Page 2 of 2

Re: NagiosXI UI 'Last Check' Lagging Behind

Posted: Fri May 03, 2019 11:42 am
by benjaminsmith
Hi @azreenariff,

Getting back to the initial issue, can you provide anymore details about how the system is lagging? Is this consistent across all host and services or only a few?
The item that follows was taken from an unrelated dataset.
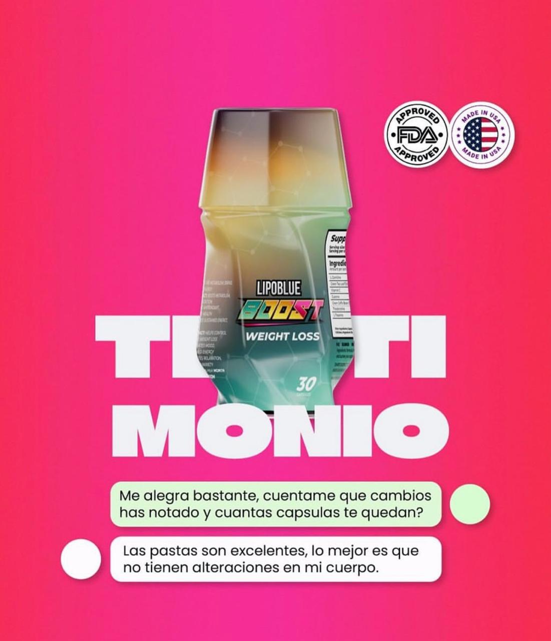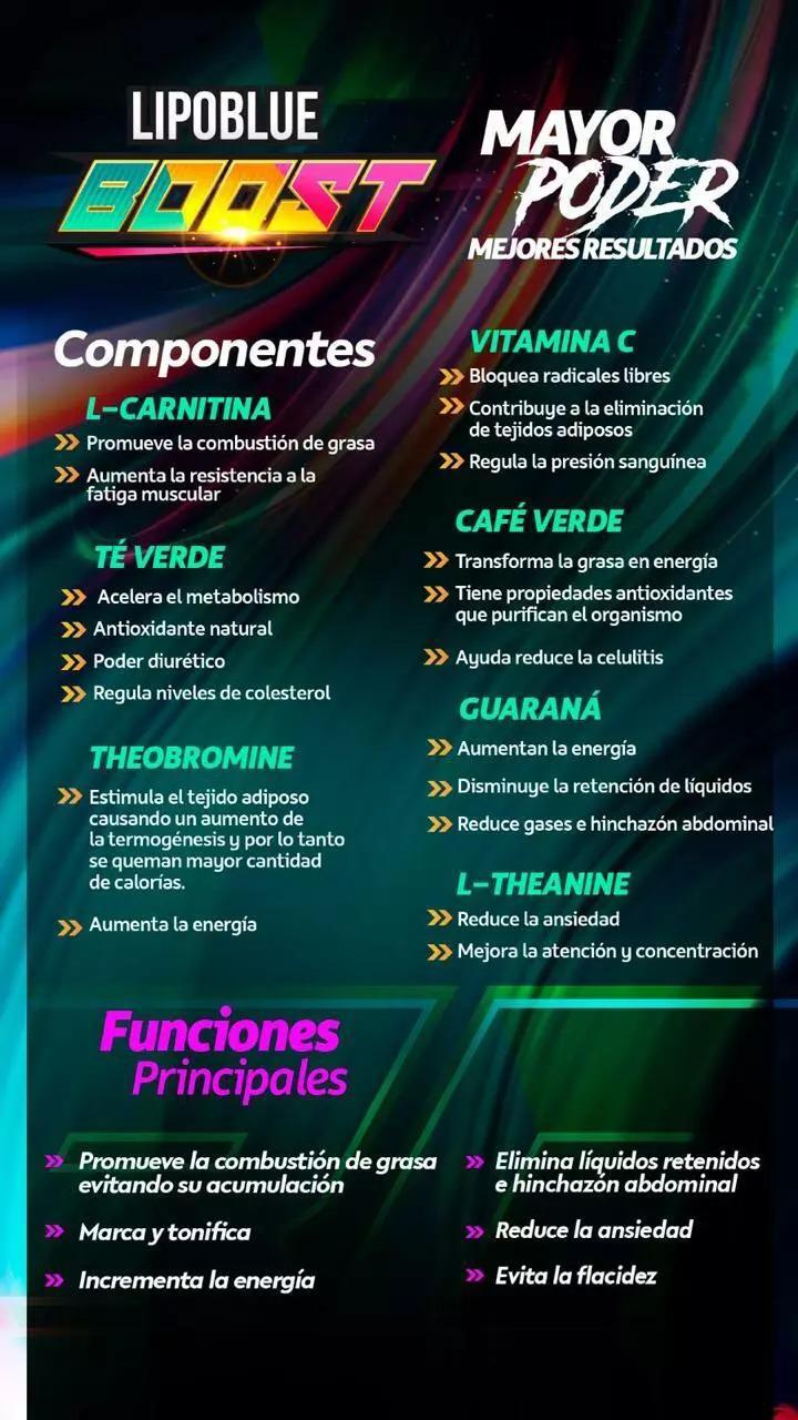 LipoBlue Boost es un quemador de grasa avanzado diseñado para quienes buscan resultados rápidos, más energía y una reducción visible de medidas. Su fórmula moderna combina estimulantes termogénicos y extractos naturales que aceleran el metabolismo, controlan el apetito y ayudan a eliminar grasa localizada. Ideal para complementar rutinas de ejercicio y planes alimenticios. 💪🔥

Is the lag an intermittent issue ( does the server ever catch up)?

While you have made performance upgrades, I believe the issue here is that the Nagios XI server is having trouble processing results as you have a large number of services.

We would like to check the size of the database tables, can you post the output of the following command?
NOTE: You may need to adjust the -h 127.0.0.1, the -uroot, and -pnagiosxi in the first command if your DB is offloaded to another server and/or you've changed the root mysql password

Code: Select all

echo "SELECT table_name AS 'Table', round(((data_length + index_length) / 1024 / 1024), 2) 'Size in MB' FROM information_schema.TABLES WHERE table_schema IN ('nagios', 'nagiosql', 'nagiosxi');" | mysql -h 127.0.0.1 -uroot -pnagiosxi --tab
Also, post the output of the following command to verify the tables:

Code: Select all

echo "SELECT table_name AS 'Table', round(((data_length + index_length) / 1024 / 1024), 2) 'Size in MB' FROM information_schema.TABLES WHERE table_schema IN ('nagios', 'nagiosql', 'nagiosxi');" | mysql -h 127.0.0.1 -uroot -pnagiosxi --table | grep NULL
What are your kernel message queue settings at:

Code: Select all

sysctl kernel.msg{max,mni,mnb}
If you haven't done so already, follow the guide below to increase the settings to allow for more messages to be processed.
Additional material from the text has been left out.